The compound of formula (2) is reacted with the compound of formula (3), and if necessary, a compound in which R ³ of the compound (I) is a hydroxy group is reacted with formula (4) or (5). A method for producing a carbostyryl derivative represented by the following general formula (1), which is characterized by the following formula.

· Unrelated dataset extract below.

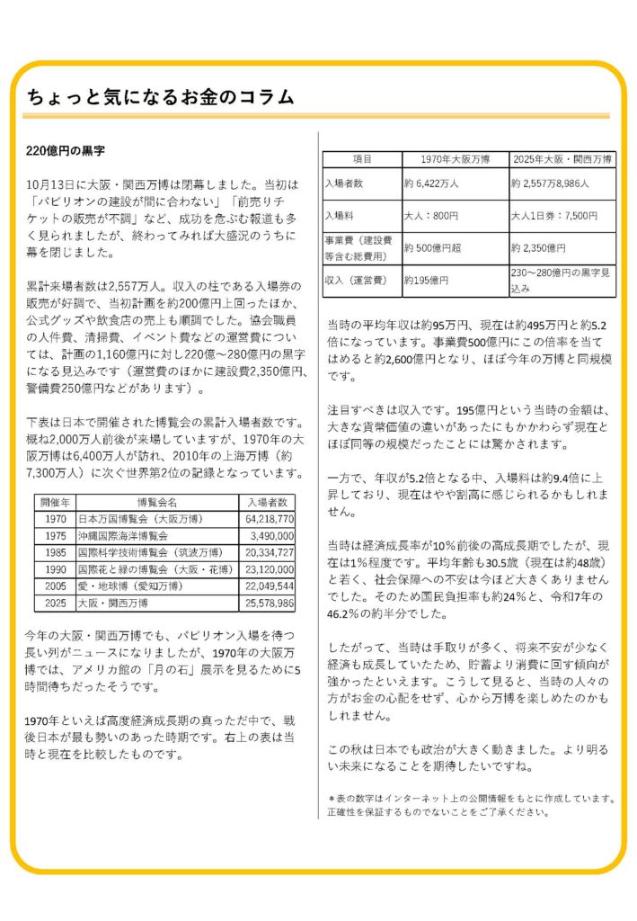 大阪・関西万博は2500万人を超える来場があり盛況のうち幕を閉じました。55年前の大阪万博の来場者は約6400万人、運営黒字額は195億円でした。

In the above formula R ¹ is a hydrogen atom, an alkyl group having 1 to 6 carbon atoms, Alkenyl groups having 2 to 4 carbon atoms, Alkynyl groups having 2 to 4 carbon atoms, or A phenylalkyl group having an alkylene group of 1 to 4 carbon atoms, R ² is a hydrogen atom, an alkyl group having 1 to 4 carbon atoms or a phenyl group, R ³ is a hydrogen atom, a hydroxy group or an alkyl group having 1 to 4 carbon atoms, an alkanoyloxy group having 1 to 4 carbon atoms or a 3,4,5-trimethoxy benzoyl oxy group, R ⁴ is a hydrogen atom or an alkyl group having 1 to 4 carbon atoms, R ⁵ is phenyl having 1 to 3 substituted groups selected from the group consisting of a cycloalkyl group having 3 to 8 carbon atoms, a halogen atom, an alkyl group having 1 to 4 carbon atoms and an alkoxy group having 1 to 4 carbon atoms A substituted alkyl group having 1 to 4 carbon atoms having a group, a phenyl group or an alkanoyloxy group having 1 to 4 carbon atoms as a substituent, an alkanoyl group having 1 to 4 carbon atoms or a benzyl group, (If R ² is a phenyl group, R ⁵ should not be an alkyl group having 1 to 4 carbon atoms having a phenyl group as a substituent.) R ⁶ is a hydrogen atom, a hydroxy group or an alkyl group having 1 to 4 carbon atoms, R ⁷ is an alkanoyloxy group or 3,4,5-trimethoxybenzoyloxy group having 1 to 4 carbon atoms, X ¹ is a halogen atom or other substituent group capable of performing a substitution reaction similarly to a halogen atom (or

and

Is 1, X ¹ and R ⁶ may form an epoxy group), X is a halogen atom,

Is 0 or an integer of 1 or 2, Q is an integer of 2 or 3,

And

Are integers of 0 or 1 to 6, respectively

and

Must not exceed 6), Carbon-carbon bonds at the 3- and 4- positions in the carbostyryl backbone are single or double bonds, constitutional formula

The substituted position of the side chain is either the 4-, 5-, 6-, 7-, or 8-position.